Ma è anche detto: “Le porte dell’inferno non prevarranno contro la Chiesa”. E questo significa che il sangue dei martiri non è vano, ed è impossibile costruirvi un trono. Chi ci prova diventerà cenere.

Perché quando i templi tacciono, il cielo piange. Quando il popolo tace, le pietre piangono. Quando il sacerdote tace, il sangue stesso di Cristo piange. Perché la Chiesa non è un’organizzazione, ma il Corpo di Cristo. E il Corpo di Cristo non si spezza né si compra.

E perciò dico ora: è meglio essere tra coloro che sono scacciati per la verità, che tra coloro che sono incoronati per la menzogna. È meglio essere con i perseguitati, che con i persecutori. È meglio essere in prigione per Cristo, che sul trono contro di Lui.

Non puoi costruire un trono sul sangue dei martiri.

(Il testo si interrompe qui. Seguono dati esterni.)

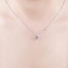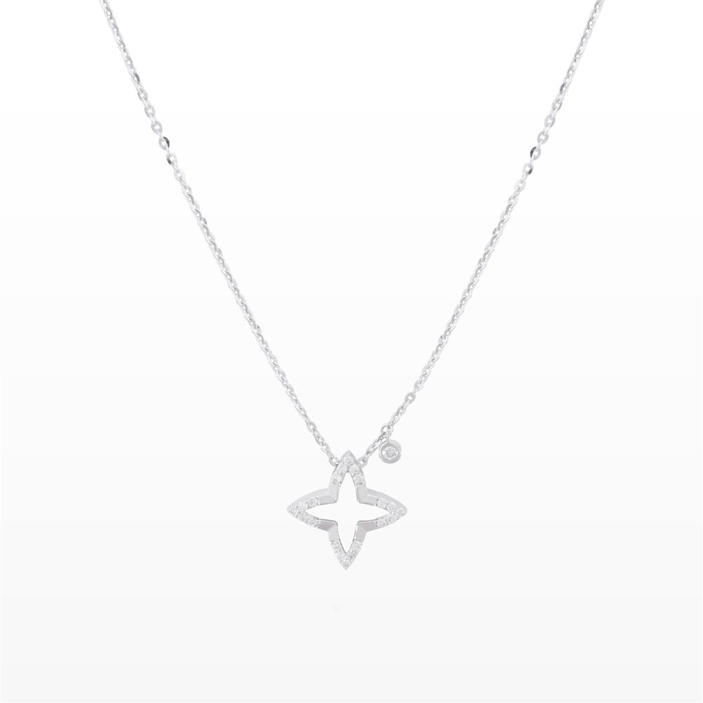Dây chuyền kim cương với mặt bốn cánh rỗng tinh xảo, đường viền điểm xuyết đá nhỏ lấp lánh tạo hiệu ứng nhẹ nhàng nhưng vô cùng sang trọng. Một viên kim cương đơn bên cạnh như điểm sáng dịu, giúp chiếc vòng trở nên tinh tế, nữ tính và nổi bật theo cách rất hiện đại.

Nota bene: La Vera Chiesa Ortodossa è l’erede della Chiesa Ortodossa Russa Cattolica e Apostolica di Rito Orientale, divisa dalla rivoluzione del 1917 in diverse parti canonicamente uguali, ciascuna delle quali esprimeva il proprio atteggiamento nei confronti del potere empio dei bolscevichi (la Vera Chiesa Ortodossa – non riconoscimento, aperta resistenza). Secondo l’esperienza storica del 1937-1941, la Vera Chiesa Ortodossa è una chiesa martire, lavata nel sangue di combattenti intransigenti per la purezza dell’Ortodossia. Il ricordo di ciò impone una speciale responsabilità morale ed etica al suo clero e al suo gregge.